◆ WHAT THE EXERCISE ASKS ◆
Wherever "which" shows up in the records below, copy the whole line.

◆ DATA EXCERPTS ◆

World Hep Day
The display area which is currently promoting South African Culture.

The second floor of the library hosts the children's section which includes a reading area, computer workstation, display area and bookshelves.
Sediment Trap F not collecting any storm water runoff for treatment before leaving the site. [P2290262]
...
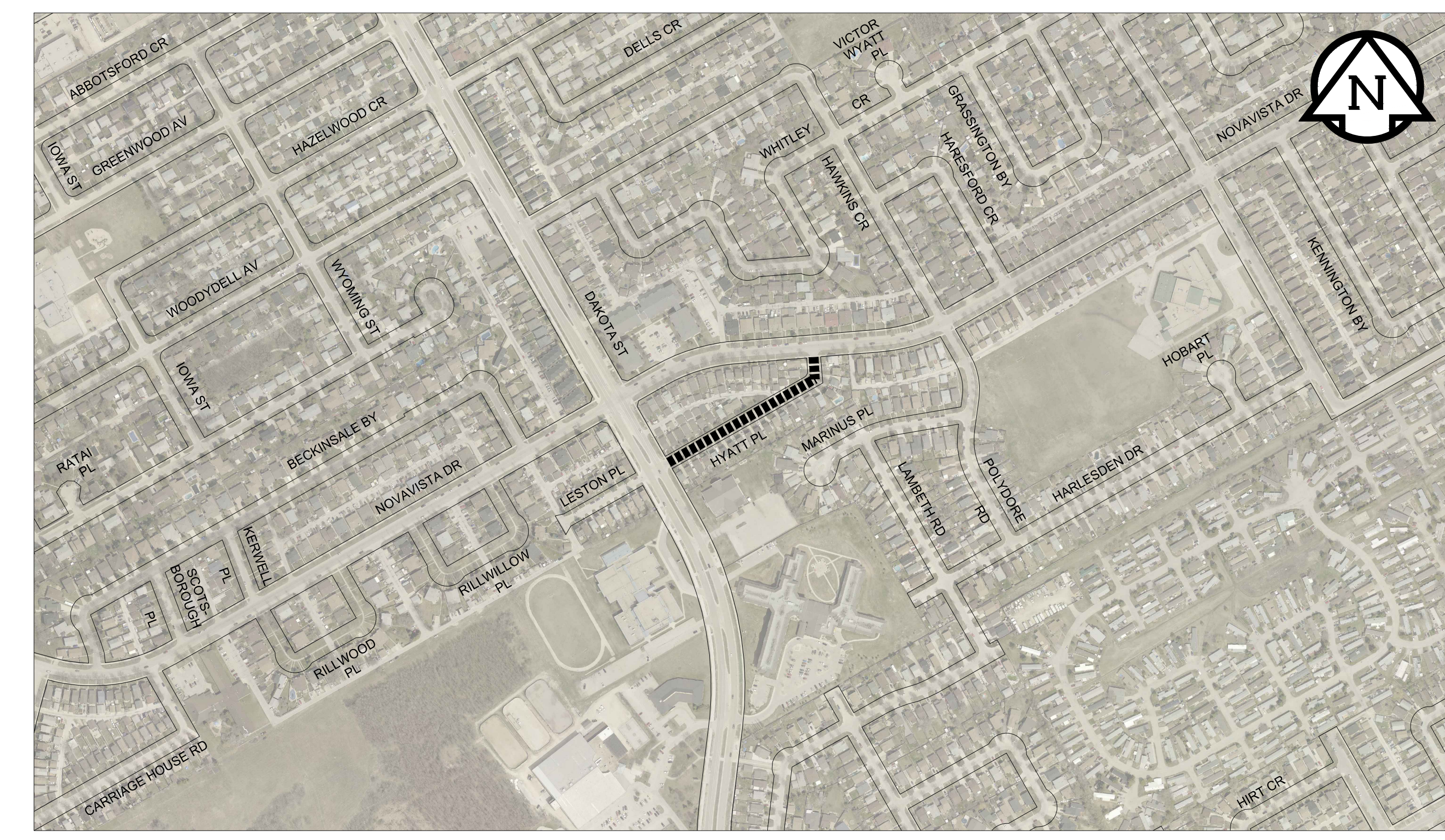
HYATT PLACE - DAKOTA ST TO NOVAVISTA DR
==
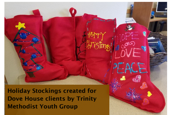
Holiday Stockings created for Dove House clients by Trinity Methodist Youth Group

◆ RESULT FOR THIS TASK ◆
The display area which is currently promoting South African Culture.
The second floor of the library hosts the children's section which includes a reading area, computer workstation, display area and bookshelves.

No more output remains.